Tutti gli esperimenti effettuati dagli americani negli anni 50, tra cui quello colpevole della contaminazione del peschereccio giapponese, non sarebbero stati test, ma tentativi di distruggere il mostro.
Anche questo è un tentativo di rimuovere un’onta storica attraverso la narrazione?

Godzilla alleato o nemico

Nei film americani Godzilla è a tutti gli effetti un alleato della razza umana e interviene consciamente per riequilibrare le forze della natura. È guidato da una volontà e da uno scopo.
Nella sequenza finale di Godzilla (1994), una volta debellata la minaccia che incombe sugli uomini, la bestia si immerge di sua volontà nelle profondità marine, salutato dagli applausi di una folla festante.
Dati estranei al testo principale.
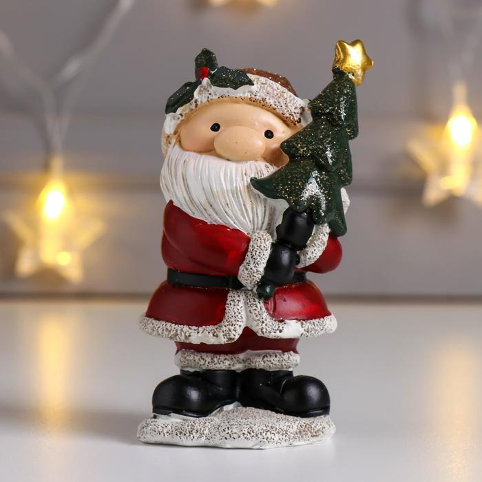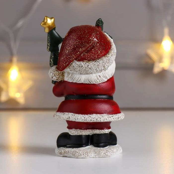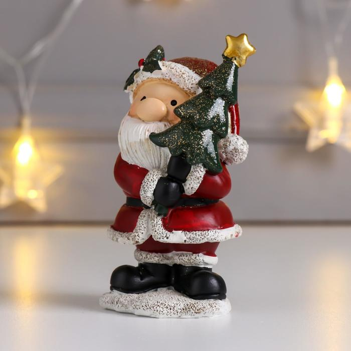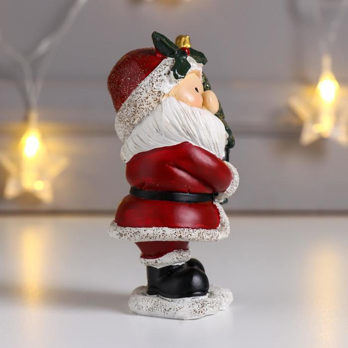 Сувенир полистоун "Дед Мороз в красной шубе, с ёлочкой" 10,5х5,5х7 см

In Shin Godzilla il mostro, invece, sembra non avere coscienza.
Non detiene realmente il controllo del suo illimitato potenziale offensivo. La sua furia, come quella di una bomba atomica, è cieca e devasta indifferentemente ogni cosa nel raggio di chilometri.
Alla fine del film la sua figura resta come un monito ben visibile nello skyline di Tokyo.
Gli uomini sono riusciti a ibernarlo. Ma la minaccia non è debellata del tutto, il congelamento è solo temporaneo. Il mostro si risveglierà, bisogna restare vigili.
Secondo le parole di Rando, uno dei personaggi principali del film, “gli uomini dovranno imparare a convivere con Godzilla”.
Dovranno cioè imparare a convivere con il costante pericolo dell’autodistruzione e, allo stesso tempo, dovranno imparare a sopportare il fardello della storia. Il fardello delle loro stesse colpe.

Una delle scene finali di Godzilla. In primo piano si vede il protagonista. Dietro di lui, tra i palazzi di Tokyo, svetta la sagoma del Godzilla ibernato.
In Shin Godzilla il mostro, una volta ibernato, diventa un vero e proprio elemento fisso del paesaggio.
La sua sagoma rimanda a una minaccia che incombe su Tokyo e sul mondo intero; quella della possibile autodistruzione umana.

L’orologio di Serizawa | Giappone e trauma storico, la chiusura del cerchio

E dunque? La narrazione dei Godzilla americani è veramente tesa, casualmente o di proposito, a rimuovere le tematiche storiche (e scomode) che stanno alla base di uno dei personaggi più importanti e conosciuti della cultura nipponica?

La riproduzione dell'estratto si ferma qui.